The neoclassical theory of value is likewise unfalsifiable and, therefore, according to Popper, not a scientific theory. See, e.g., Sraffa, Bichler & Nitzan, etc.
So what? Does anybody think economics is really a science? Neoclassical economics is just classical economics dressed up as physics and sugar-coated by liberal rhetoric to make the bitter fact that capitalism (a system premised on indentured servitude) is antithetical to liberalism (a system based on individual dignity and liberty) easier to swallow/ignore.
The fact is classical economics, Marxist economics and neoclassical economics all have theories of value. Yes, in actuality all these theories are really normative, ethical judgments, but I didn’t label them theories. Economists did.
Also, who said all theories must be scientific? Sure, all scientific theories ought to be scientific, i.e., falsifiable, but other “theories”? Take secular cycle theory, for example. Such theories are not scientific at all. They are just another example of historicism (which Popper criticized as unscientific), the hindsight projection of “perceived” patterns on the past with hopes of predicting the future.
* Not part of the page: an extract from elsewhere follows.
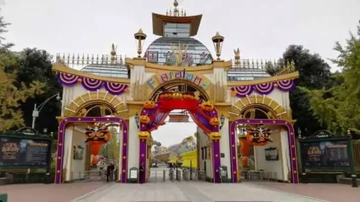 Entering the Gardens of Imagination in the evening feels like stepping into a world of playful ghosts 👻. The entire park is adorned with orange and purple lights, with the Enchanted Storybook Castle glowing in the background. A gentle breeze carries eerie music through the air. Kids dressed as superheroes and princesses run around, couples hold hands for photos, and the smooth pathways make for easy strolling. The scent of caramel popcorn and roasted pumpkin wafts through the air 😋. While the crowd is large, it’s well-organized by staff, creating a fun, family-friendly atmosphere that’s not too scary for young children.
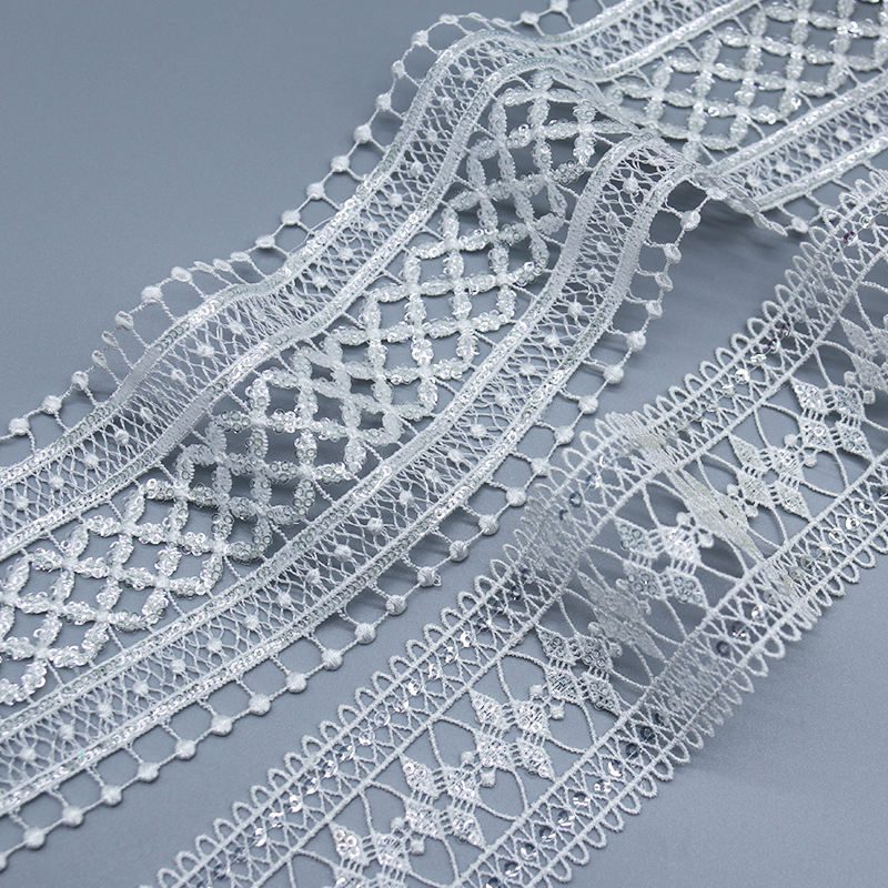 Elevate your wardrobe with our Hot Selling Water Soluble Lace Eyelet Fabric. Crafted from 100% polyester, this exquisite embroidered lace trimming adds elegance to dresses, blouses, and home decor. Perfect for crafting unique garments and accessories, its delicate design enhances any project with a touch of sophistication and charm.

Are secular cycles a theory, though? Sure.
This is what I mean by embracing disciplines outside of your own on their own terms. I didn’t invent economic terminology, but I am compelled to use that terminology as I find it in order to communicate with political economists about their discipline. For example, there are many terms that CasP theory insists on using in a way contrary to my experience as a capitalist and investor. What CasP calls “capitalization” I know as “valuation.” What CasP refers to as “the discount rate,” I know as the “annualized rate of return on equity” (the discount rate used in DCFF valuation models is a firm’s weighted average cost of capital or WACC, which considers the annualized cost of debt as well as the annualized rate of return on equity). While I prefer my common understanding to CasP’s usage, when communicating on this forum, I conform with CasP’s usage of the terminology.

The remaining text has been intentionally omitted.